* **Brief**
Write out the line with "Los manifestantes acusaron" and every later line through the end of the data below, exactly as given, with no pictures in the copy.

* **Supplied material**
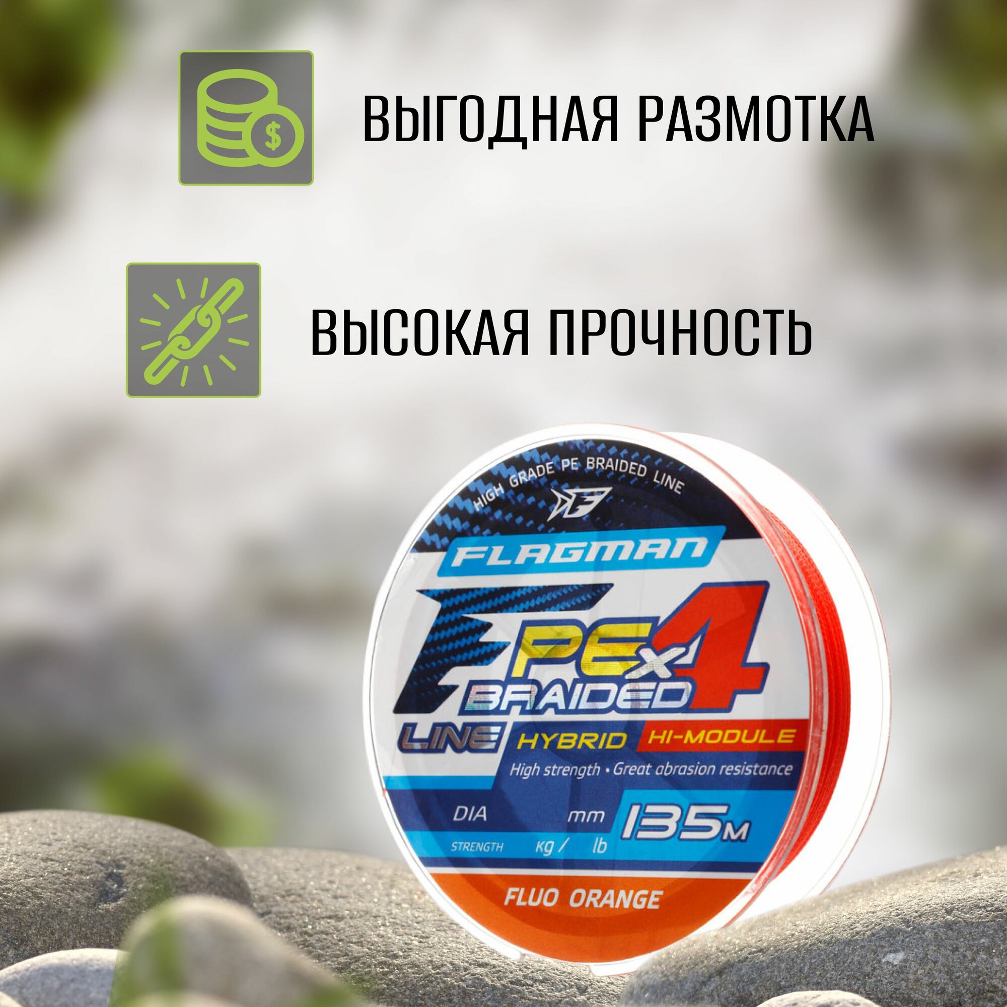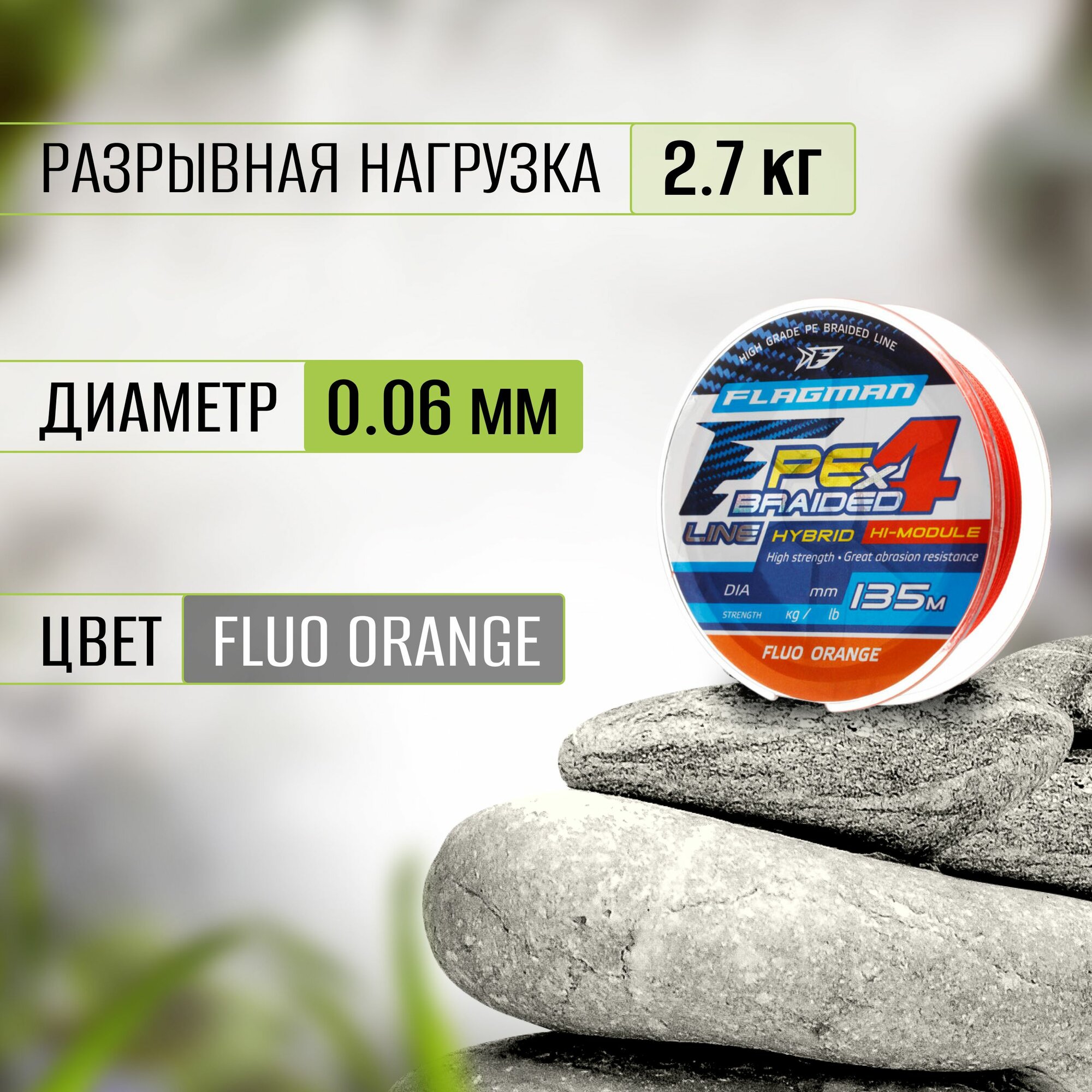 FLAGMAN Шнур PE Hybrid F4 135м FluoOrange 0,06мм 2,7кг 6lb информация:
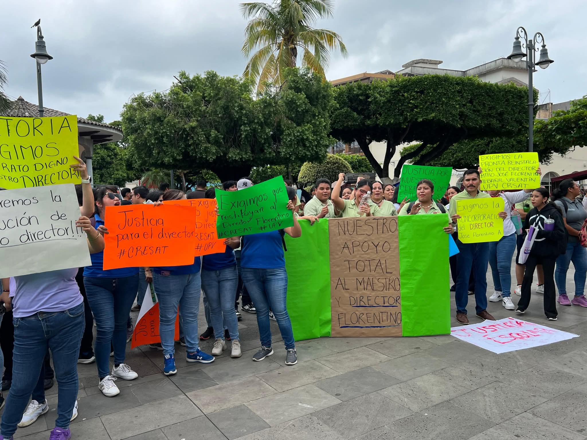 Los manifestantes acusaron que su remoción fue resultado de un “dedazo político” y no por razones académicas o administrativas, por lo que exigieron su pronta restitución. Asimismo, pidieron a la SEV regularizar el pago pendiente del maestro, pues afirman que no se trata de pedir más, sino de exigir lo justo en una institución pública.
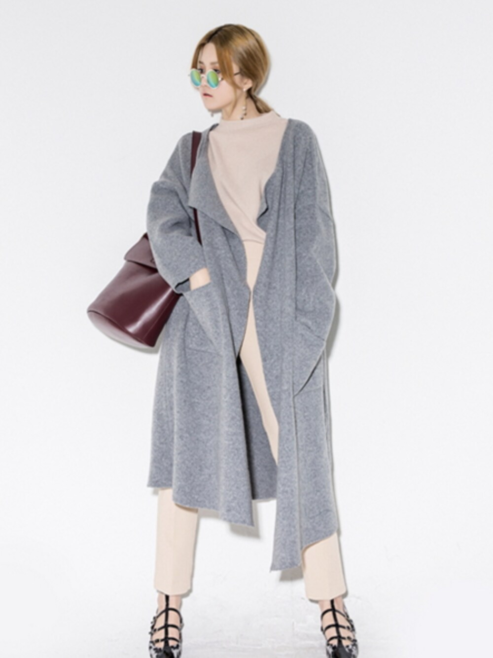 bluepopsのその他アウター「ウール混ルーズフィットガウンコート」を使ったコーディネート

* **Exercise response**
 Los manifestantes acusaron que su remoción fue resultado de un “dedazo político” y no por razones académicas o administrativas, por lo que exigieron su pronta restitución. Asimismo, pidieron a la SEV regularizar el pago pendiente del maestro, pues afirman que no se trata de pedir más, sino de exigir lo justo en una institución pública.
 bluepopsのその他アウター「ウール混ルーズフィットガウンコート」を使ったコーディネート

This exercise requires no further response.